What explains its survival? After all, the internet reliably informs me that there are plenty of ways to actually kill a zombie. By the same token, a quick search on Google and its pointy-headed sister site, Google Scholar, throws up decades worth of research that comprehensively debunks the claims of 11-plus fans that it improves aggregate outcomes and boosts social mobility. And this research has been replicated in more publicly accessible forums by blogs and thinktanks (even right-leaning thinktanks) and journalists, most obviously the indefatigable Chris Cook of the BBC.

The only explanation is a toxic combination of nostalgia and ideology that the Tory party (and its erstwhile outside toilet, Ukip) seems unable to shake off . This is in spite of the fact that it was a Conservative education minister, Edward Boyle, who effectively gave the green light for the replacement of grammars by comprehensives and one of his successors, Margaret Thatcher, who did little (although not, to be scrupulously accurate, nothing) to turn back the tide.

To realise quite how powerful the right’s faith in selective secondary education is, just think back to the last time it was seriously challenged from within. In May 2007, probably the high-water mark of David Cameron’s modernising phase as Tory leader, David (now Lord) Willetts, then the party’s shadow education secretary, tried telling it the truth in a speech to the CBI. “We must break free,” he said, “from the belief that academic selection is any longer the way to transform the life chances of bright poor kids … there is overwhelming evidence that such academic selection entrenches advantage; it does not spread it.”

The reaction? The Conservative party went nuts – especially after Cameron issued “a clear and uncompromising message to those who think they can perpetuate a pointless debate about grammar schools: we will never be taken seriously by parents and convince them we are on their side and share their aspirations if we splash around in the shallow end of the education debate”.
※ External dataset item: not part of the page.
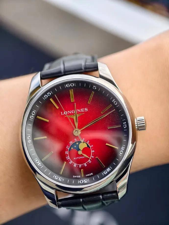 而在遼寧春晚騎馬驚豔亮相的於適,則選擇了浪琴錶名匠系列月相腕錶馬年生肖限量款。漸變赤焰紅色的太陽紋盤面非常有活力,颯爽形象與馬年主題簡直太匹配。

Things became even more heated when Cameron doubled down a couple of days later, declaring it was “completely delusional” to talk about building more grammars and claiming it was “a key test for our party. Does it want to be a serious force for government and change, or does it want to be a rightwing debating society muttering about what might have been?”

This proved too much for Graham Brady (now the well-respected chairman of the 1922 Committee, and one of my favourite Tories, but then an opposition frontbencher), who resigned his post in protest. At this point Cameron (characteristically, some might say) plumped for appeasement rather the proverbial “clause IV moment”. More grammar schools, it transpired, could be built in areas that still used the 11-plus exam if population increases required. Oh, and Willetts was pretty soon relieved of his responsibility for the education brief.

Hence where we are today, wasting yet more desperately needed cash on under 5% of the country’s secondary schools – schools that are pointlessly divisive, and which don’t do the job they are supposed to do even when it comes to social mobility.

The classic comeback, of course, to any such criticism is not to dispute the research, which demonstrates this beyond reasonable doubt. Instead it is to point out that people like me, who went to grammar schools, are pulling the ladder up with them, selfishly determined to deny others the chance to experience the supposedly glorious education were once lucky enough to receive themselves.

Ad hominem bullshit, of course. But, hey, what else is there when you’re defending the indefensible?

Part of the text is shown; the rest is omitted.